Comment et selon quel critère peut-on définir la valeur des œuvres qu’on vend tous les jours et partout sur le marché de l’art ?
Un monsieur m’appelle un jour et me demande d’expertiser quelques œuvres d’artistes marocains, car il comptait les remettre sur le marché pour une éventuelle vente. J’examine les tableaux et lui établis des fourches de prix. Il fut d’abord étonné car il y avait parmi ces œuvres celles de certains artistes défunts et qu’il les avait, suite aux bruits qui courent, surévaluées. Il y avait aussi des œuvres de qualité esthétique et intellectuelle de haut niveau et dont il avait conscience et croyait qu’elles pouvaient être très demandées sur le marché. Mais mon client était étonné de voir des prix qui allaient à l’encontre de ses attentes. Il a finalement proposé les œuvres à la vente et mon expertise s’est avérée plus ou moins juste. Ce petit moment de débat avec ce monsieur m’a incité à réfléchir sur la valeur de l’œuvre d’art non seulement au Maroc mais un peu partout dans le monde. Est-ce que la valeur de l’œuvre d’art lui est intrinsèque ou y a-t-il des critères et des paramètres extra artistiques qui rentrent en jeu et déterminent la valeur de l’œuvre ?

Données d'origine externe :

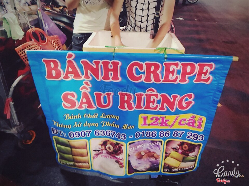 7.8Bánh Crepe Sầu Riêng, Trà XanhBánh crepe sầu riêng 10k/cái, mặc dù ít sầu riêng, kem nhiều nhưng bánh ăn rất ngon và không bị ngán ^^ Hơn nữa, chị bán bánh thân thiện và cũng nhiệt tình lắm, trời mưa to mà cũng ráng xách xe chạy đi giao hàng nữa ^^ bánh trà xanh thì mình chưa ăn thử bao giờ nhưng riêng bánh crepe này thì mình bị ghiền rồi nha :3 ...Xem thêm
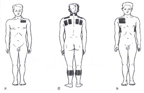 | Графическое, схематические и табличное представление технологий выполнения простой медицинской услуги:Области наложения горчичников
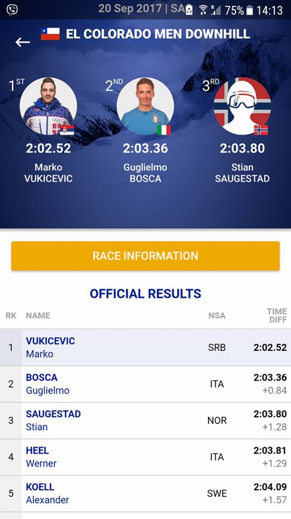 Reprezentativac Srbije u alpskom skijanju Marko Vukićevuić je postigao najbolje vreme na dve trke u disciplini spust koje su 20 i 21. seprembra 2017. vožene u ÄŒileu, u ski centru El Colorado u okviru FIS SAC (South American Cup) - JužnoameriÄkog kupa.
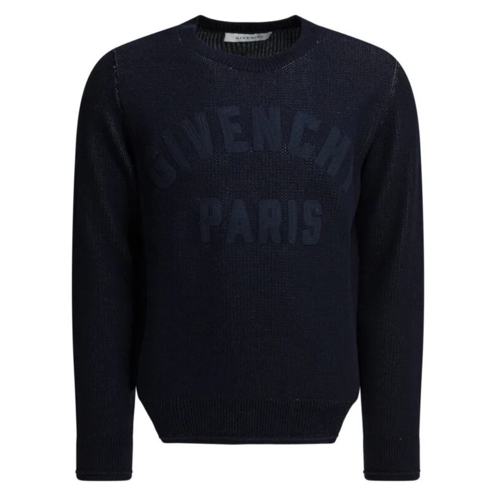 « Givenchy » pull à logo brodé bleu homme coton coupe regular

Qu’est-ce qui fait que des artistes soient très demandés, ou pour parler d’une manière populaire très à la mode, et que d’autres malgré la haute valeur, artistique, spirituelle et intellectuelle de leurs œuvres ne soient pas en vogue ? Le marché de l’art a-t-il connu un changement particulier par rapport au siècle dernier ? Au Maroc et dans le monde d’aujourd’hui, l’œuvre d’art ne porte pas sa valeur en elle-même. Des artistes surgisent souvent de nulle part, passent un temps sur le marché de l’art avant de disparaitre, souvent à jamais. Aujourd’hui, une œuvre vaut plus par le bruit qui l’entoure, en d’autres termes par l’agressivité communicationnelle que l’artiste ou ses agents organisent autour d’elle. Le monde de l’art n’est plus ce domaine où le spirituel tient une place qui le distingue du commerce des objets usuels. L’œuvre d’art est devenue comme n’importe quelle autre marchandise où elle doit faire face à la concurrence et se frayer un chemin dans le monde de l’argent. Cela donne l’impression qu’on vend plus l’événement qu’autre chose.

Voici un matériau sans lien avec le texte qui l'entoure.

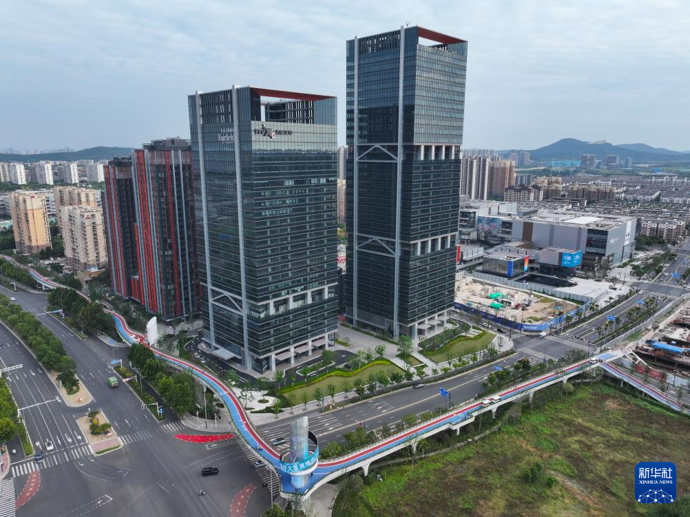 市民行走在南京市雨花台区的数据线公园“空中廊桥”(9月22日摄,无人机照片)。
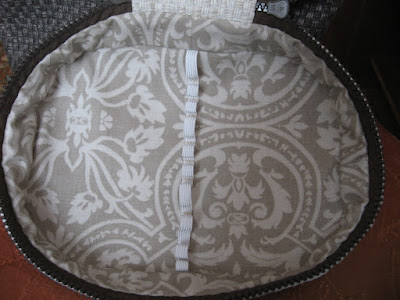 На подкладку крышки нашиваем резинку. Количество отделений зависит от вашего желания. Пришиваем тройной строчкой.
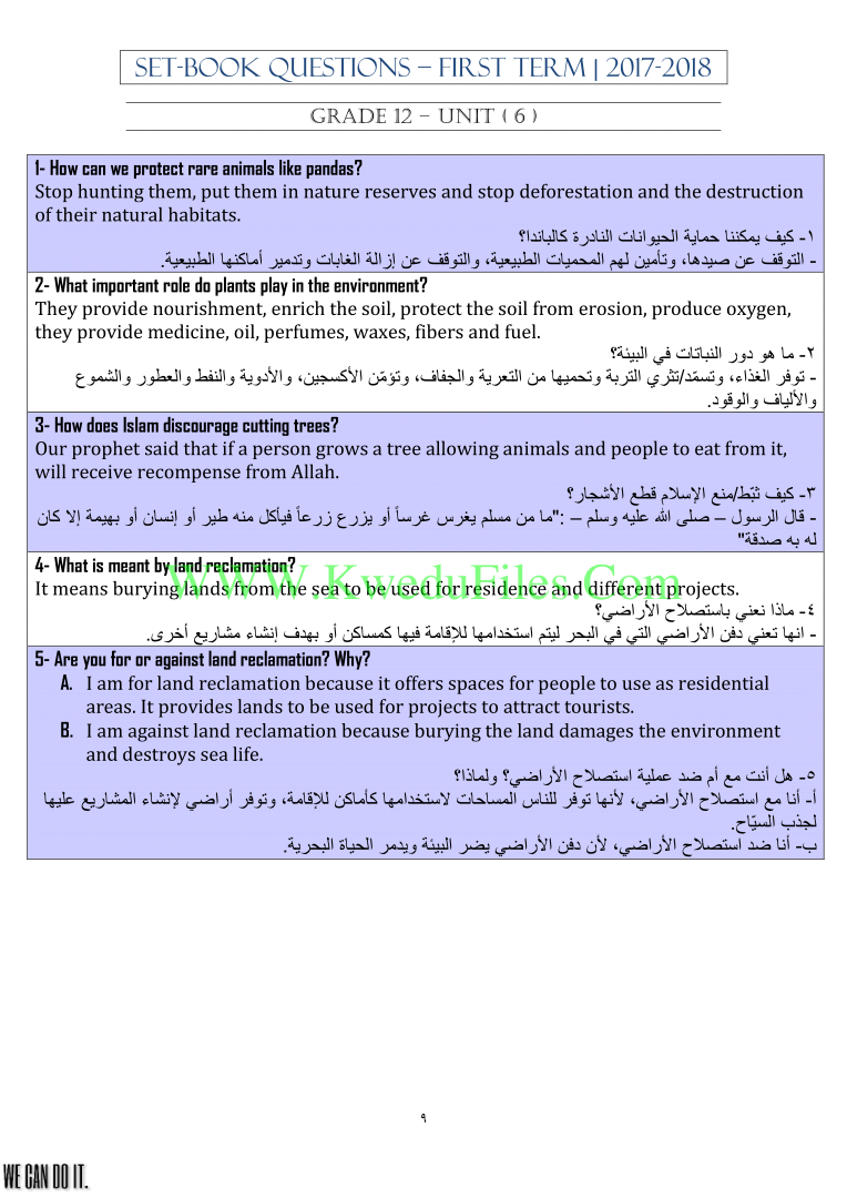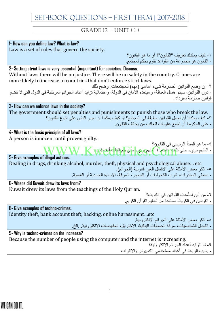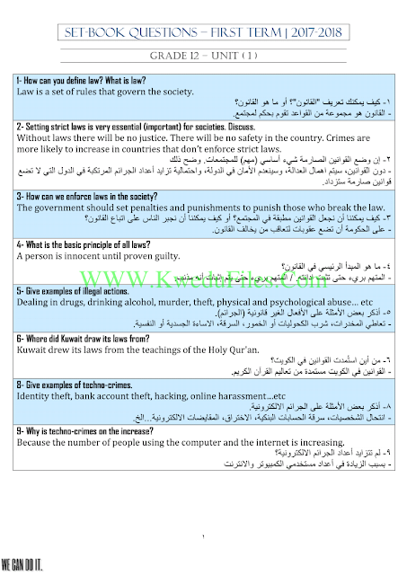 معلومات الملف: 10اوراق في مادة اللغة الانكليزية للصف الثاني عشر للكورس الاول تتضمن كتاب السيت بوك مترجم | ||
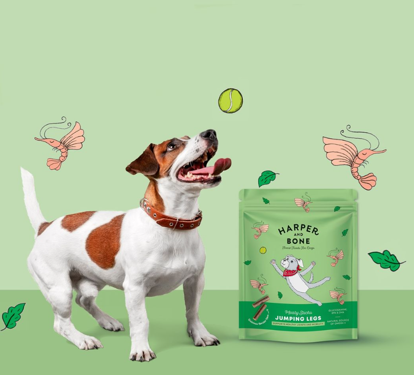 Embalagem verde para snacks de cão Harper and Bone com ilustração de cão e insetos cor-de-rosa

L’exemple le plus éloquent est bien celui de l’œuvre de Banksi qui s’est autodétruite au moment où elle a été adjugée dans une vente aux enchères. Le collectionneur qui l’a achetée est rentré chez lui avec une petite histoire : « Il était une fois une œuvre qui par magie a été détruite au moment où quelqu’un l’a achetée ».

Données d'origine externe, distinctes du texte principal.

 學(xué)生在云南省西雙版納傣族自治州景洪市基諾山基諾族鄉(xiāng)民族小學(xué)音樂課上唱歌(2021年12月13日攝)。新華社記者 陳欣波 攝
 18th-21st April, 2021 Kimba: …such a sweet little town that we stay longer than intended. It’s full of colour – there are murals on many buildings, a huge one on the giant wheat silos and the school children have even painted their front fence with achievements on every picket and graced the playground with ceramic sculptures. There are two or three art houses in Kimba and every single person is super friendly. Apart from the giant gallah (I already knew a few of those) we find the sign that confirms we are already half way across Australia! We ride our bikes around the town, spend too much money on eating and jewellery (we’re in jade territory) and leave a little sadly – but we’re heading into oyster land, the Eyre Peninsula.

Les musées qui draguent le public par ce genre d’anecdotes, ou les collectionneurs amateurs, comme on en a au Maroc, cherchent plus à rentabiliser la littérature accumulée autour de l’œuvre que la valeur artistique elle-même. On vend plus l’art de la parole que l’art lui-même.
Je ne me lasserai jamais de citer un ami galeriste qui m’avait confié un jour : «Le Marocain n’achète pas parce qu’il a vu, mais par ce qu’il a entendu».